§ **Brief**
Leave the images out and repeat the data exactly as given.

Data section section start

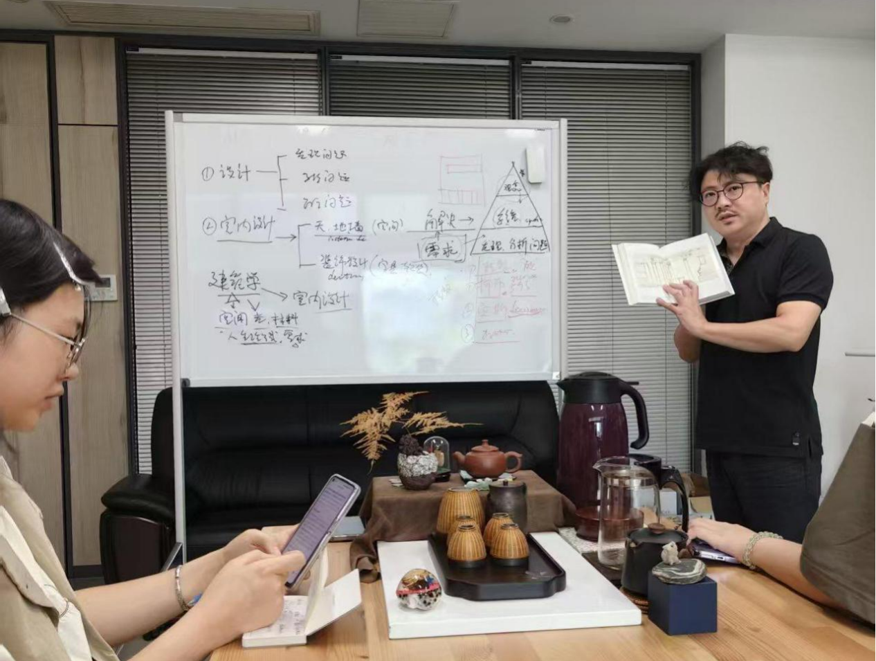 两家企业分别代表了创意型与实操型的设计方向。在艾迪尔设计总监王东老师的指导下,员工从展览策划到住宅设计,逐步掌握了从测绘到方案设计、从建模到渲染的全流程技能;在鸿扬集团,员工深入现场,参与别墅量房、施工图绘制与项目协调,切实体验了设计落地的全过程。
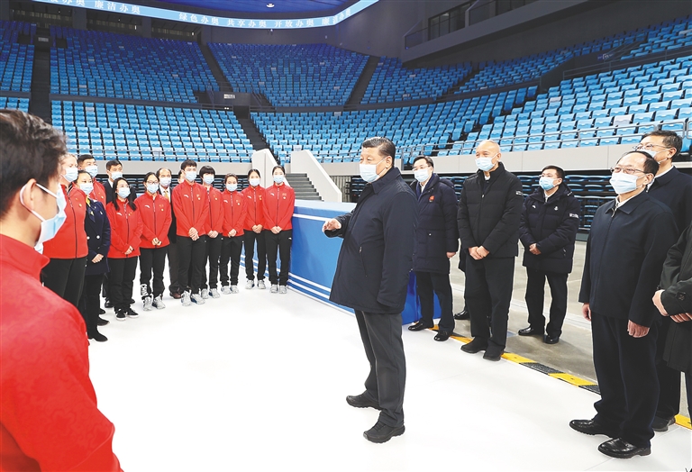 首都体育馆是国内第一座人工室内冰场,经过改扩建已具备冬奥会短道速滑和花样滑冰比赛训练条件。习近平走到训练场边,察看场馆改造情况,同国家花样滑冰队和短道速滑队运动员、教练员代表亲切交流。习近平指出,建设体育强国,是全面建设社会主义现代化国家的一个重要目标。体育强国的基础在于群众体育。要通过举办北京冬奥会、冬残奥会,推动我国冰雪运动跨越式发展,补缺项、强弱项,逐步解决竞技体育强、群众体育弱和“夏强冬弱”、“冰强雪弱”的问题,推动新时代体育事业高质量发展。提高现代竞技体育水平,既要靠气力,也要靠技力。运动员要有为国争光、勇创佳绩的志气,夏练三伏、冬练三九,加强技术创新,学习借鉴国外先进理念和技术,不断提高训练和比赛水平。
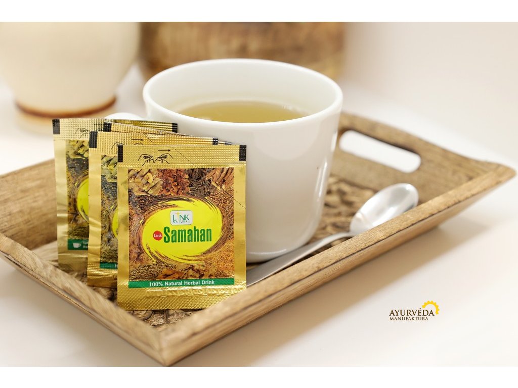 Lahodný ayurvédský čaj, který se skládá rovnou ze 14 druhů věhlasného koření. Doporučujeme pro nachlazení, obranyschopnost a vitalitu. Samahan je tradičním prostředkem na Srí Lance, v Indii a jeho popularita se rozšiřuje do celého světa. A to i pro mnohé další benefity, které k jeho popíjení patří - např. kořen zázvoru podporuje normální funkci dýchacího systému, vitalitu a potlačuje únavu a kořen lékořice podporuje imunitní systém a přirozenou obranyschopnost organismu.
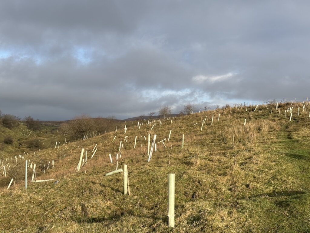 It is a steady ascent to a wall stile and then we continue uphill to another wall stile which we cross to enter an area where trees have been planted around How Beck.

Data section section end

§ **Worked solution**
 两家企业分别代表了创意型与实操型的设计方向。在艾迪尔设计总监王东老师的指导下,员工从展览策划到住宅设计,逐步掌握了从测绘到方案设计、从建模到渲染的全流程技能;在鸿扬集团,员工深入现场,参与别墅量房、施工图绘制与项目协调,切实体验了设计落地的全过程。
 首都体育馆是国内第一座人工室内冰场,经过改扩建已具备冬奥会短道速滑和花样滑冰比赛训练条件。习近平走到训练场边,察看场馆改造情况,同国家花样滑冰队和短道速滑队运动员、教练员代表亲切交流。习近平指出,建设体育强国,是全面建设社会主义现代化国家的一个重要目标。体育强国的基础在于群众体育。要通过举办北京冬奥会、冬残奥会,推动我国冰雪运动跨越式发展,补缺项、强弱项,逐步解决竞技体育强、群众体育弱和“夏强冬弱”、“冰强雪弱”的问题,推动新时代体育事业高质量发展。提高现代竞技体育水平,既要靠气力,也要靠技力。运动员要有为国争光、勇创佳绩的志气,夏练三伏、冬练三九,加强技术创新,学习借鉴国外先进理念和技术,不断提高训练和比赛水平。
 Lahodný ayurvédský čaj, který se skládá rovnou ze 14 druhů věhlasného koření. Doporučujeme pro nachlazení, obranyschopnost a vitalitu. Samahan je tradičním prostředkem na Srí Lance, v Indii a jeho popularita se rozšiřuje do celého světa. A to i pro mnohé další benefity, které k jeho popíjení patří - např. kořen zázvoru podporuje normální funkci dýchacího systému, vitalitu a potlačuje únavu a kořen lékořice podporuje imunitní systém a přirozenou obranyschopnost organismu.
 It is a steady ascent to a wall stile and then we continue uphill to another wall stile which we cross to enter an area where trees have been planted around How Beck.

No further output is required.